How to complete this task: In your copy, leave out the pictures and output only the lines from the one holding "Date of Birth" through the end of the data below, exactly.

Start of Data segment

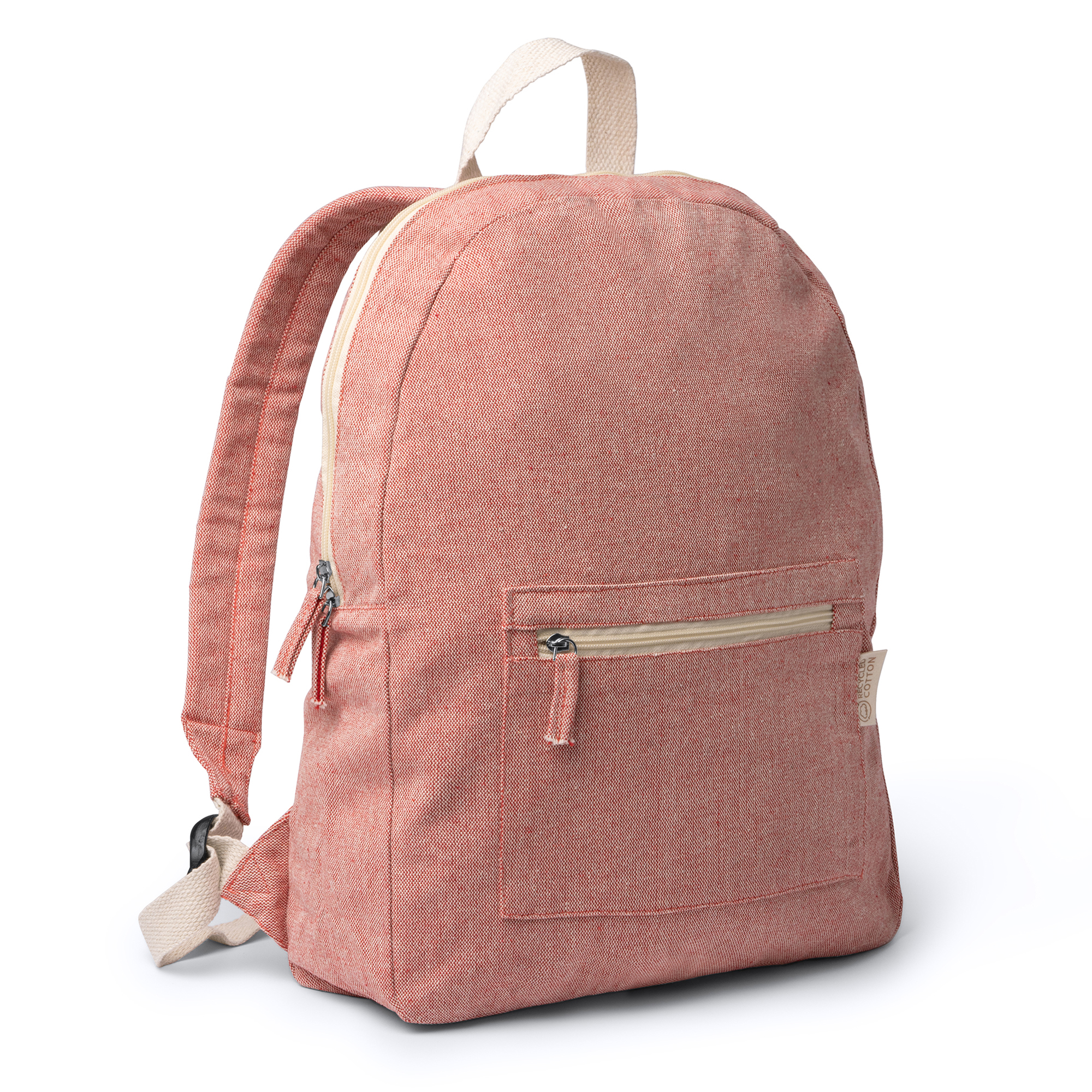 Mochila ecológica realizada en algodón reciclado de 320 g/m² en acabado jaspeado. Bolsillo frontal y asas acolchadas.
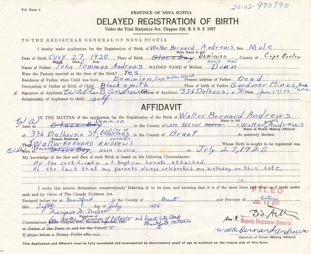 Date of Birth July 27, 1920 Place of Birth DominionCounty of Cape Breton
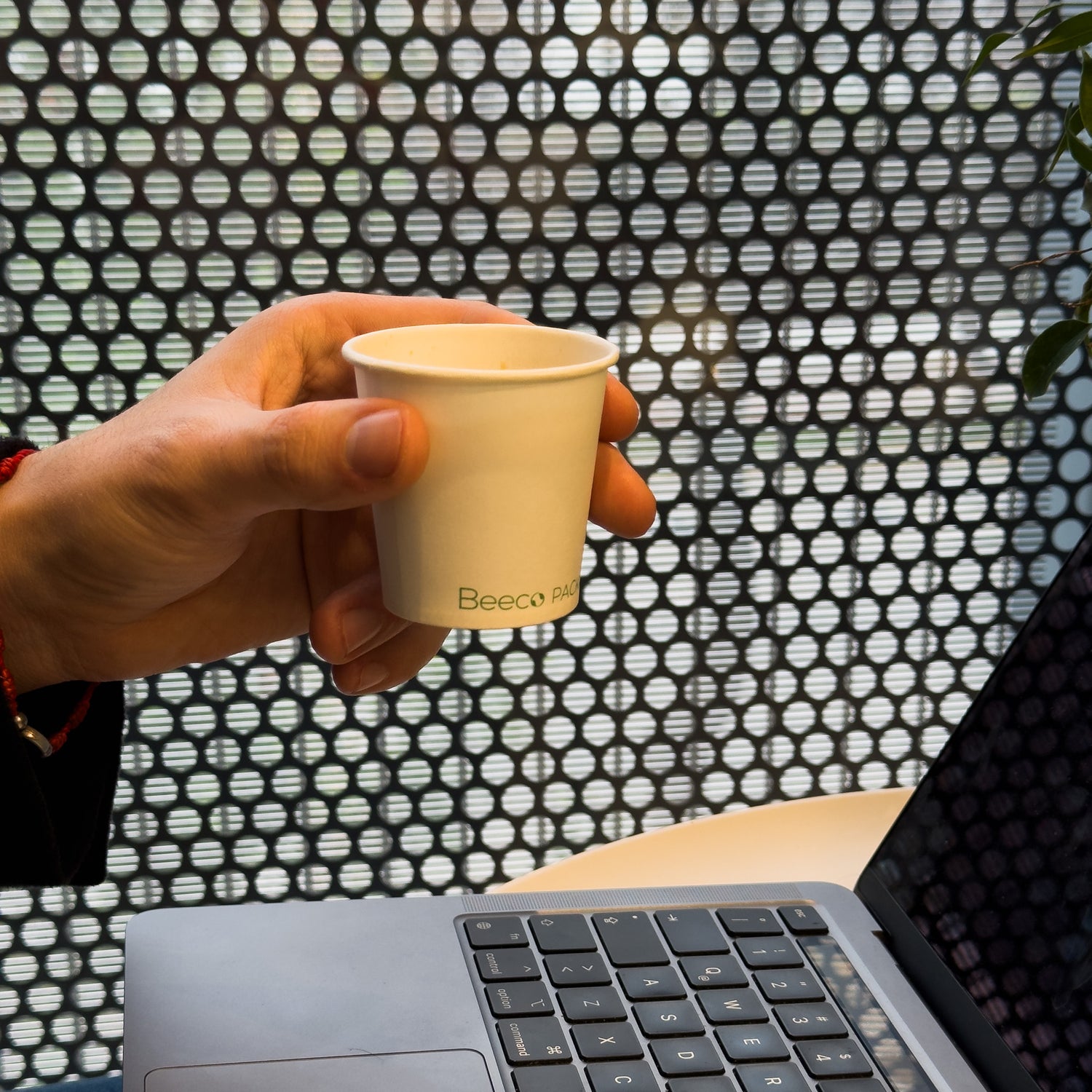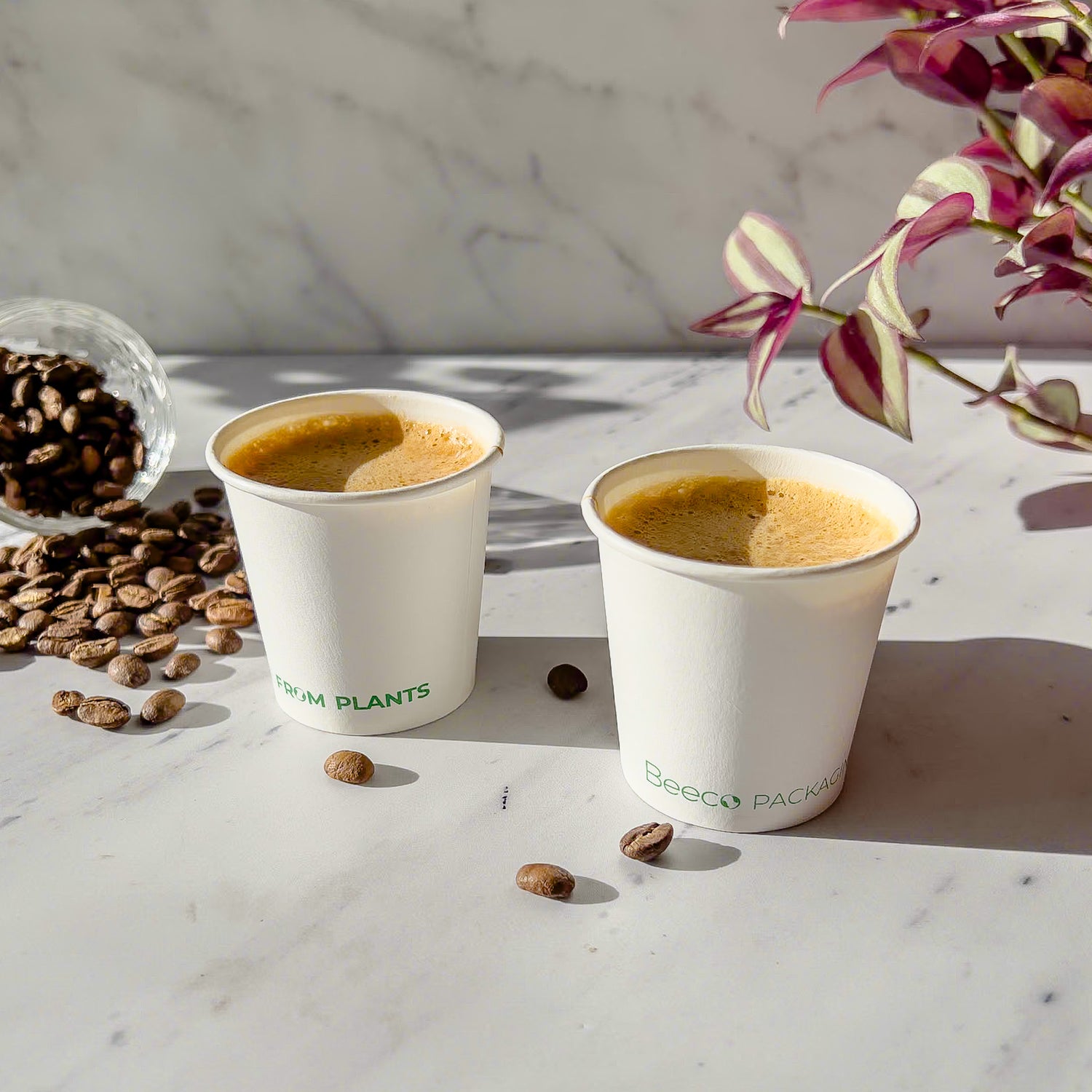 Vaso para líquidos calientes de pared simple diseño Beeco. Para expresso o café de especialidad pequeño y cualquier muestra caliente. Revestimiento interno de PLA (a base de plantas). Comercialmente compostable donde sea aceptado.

End of Data segment

Answer below:
 Date of Birth July 27, 1920 Place of Birth DominionCounty of Cape Breton
 Vaso para líquidos calientes de pared simple diseño Beeco. Para expresso o café de especialidad pequeño y cualquier muestra caliente. Revestimiento interno de PLA (a base de plantas). Comercialmente compostable donde sea aceptado.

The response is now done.